## Exercise directions
Would you copy, word for word, each line from the one with "donnant sur balcon." to the end of the listing below, skipping all pictures?

## Recorded information

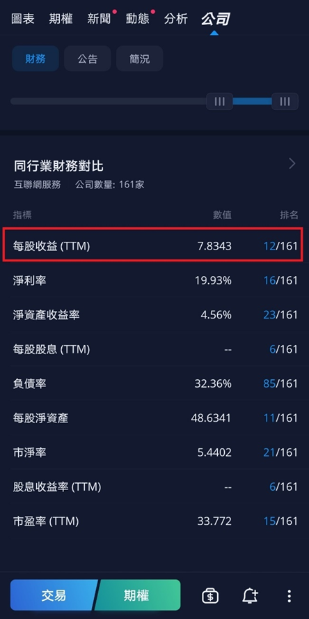投資者可以通過點撃微牛上的公司>財務,查看公司的 TTM EPS(12-M 尾隨 EPS)排名。
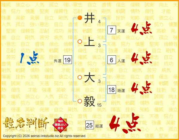 井上大毅さんの総運は25画の4点!
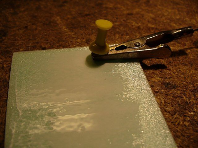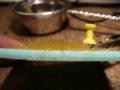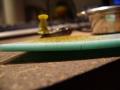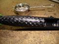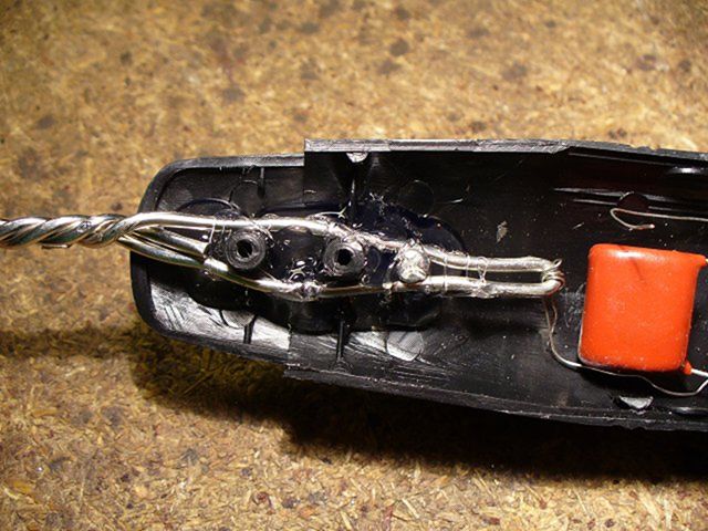 lepidlem a jedním šroubkem. Na držadlo jsem namotal jeden ze stříbrných drátků, které vedli do plácačky.
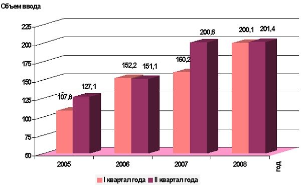 По данным Омскстата, на территории Омска организациями всех форм собственности и индивидуальными застройщиками (гражданами) в 1 полугодии 2008 года введены в действие жилые дома общей площадью 401,5 тысячи квадратных метров (график 1). По сравнению с соответствующим периодом 2007 года ввод жилья в городе увеличился на 11,2%. Таким образом, сохраняется тенденция последних лет - снижение темпов роста ввода жилья. Так в 2006 году было построено на 29% больше, чем в 2005 году, в 2007 году - на 19%, текущий год принес 11% роста (график 2). Впрочем, пугаться падения темпов преждевременно, поскольку на предыдущие годы, отмеченные рекордной прибавкой объемов строительства, пришелся выход отрасли из "ямы". Рост ввода жилья в городе обусловливает широкий выбор вариантов квартир на рынке и является одним из факторов снижения средних цен на новостройки.
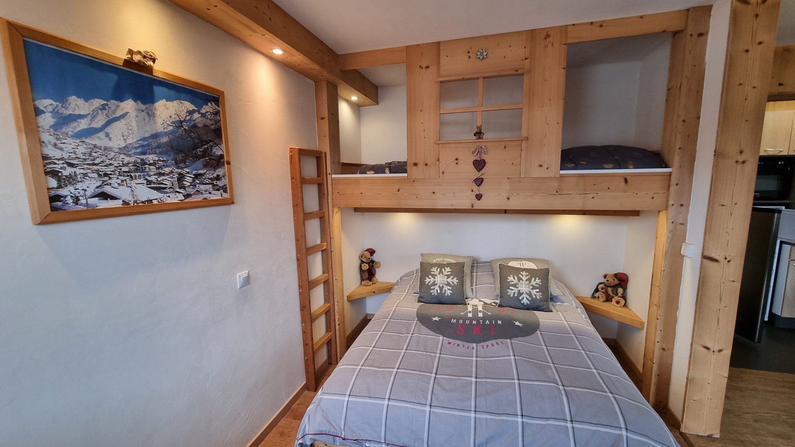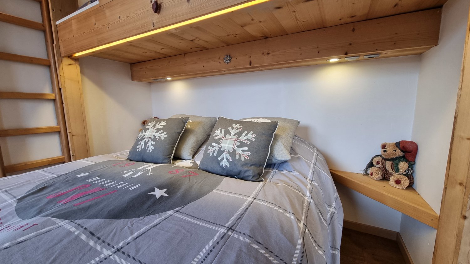 – COIN COUCHAGE : avec 1 lit de 140×190 avec une couette 200*200 + 1 couverture, 1 lit de 80×200 en superposé avec un couette 200*90, 6 oreillers 65*65 fenêtre sud-est donnant sur balcon.
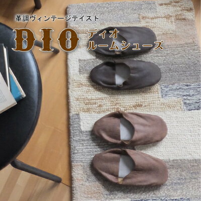 スリッパ ルームシューズ 革調 ヴィンテージ アンティーク レトロ カジュアル お洒落ディオ Dioルームシューズ【小型商品】 【】
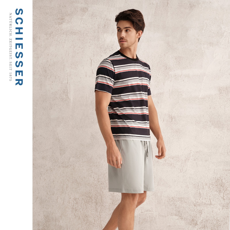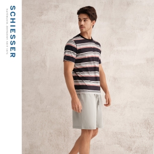 睡衣家居服套装 SCHIESSER舒雅25年夏季 纯棉条纹圆领大码 男士 新品

## Solution to the exercise
 – COIN COUCHAGE : avec 1 lit de 140×190 avec une couette 200*200 + 1 couverture, 1 lit de 80×200 en superposé avec un couette 200*90, 6 oreillers 65*65 fenêtre sud-est donnant sur balcon.
 スリッパ ルームシューズ 革調 ヴィンテージ アンティーク レトロ カジュアル お洒落ディオ Dioルームシューズ【小型商品】 【】
 睡衣家居服套装 SCHIESSER舒雅25年夏季 纯棉条纹圆领大码 男士 新品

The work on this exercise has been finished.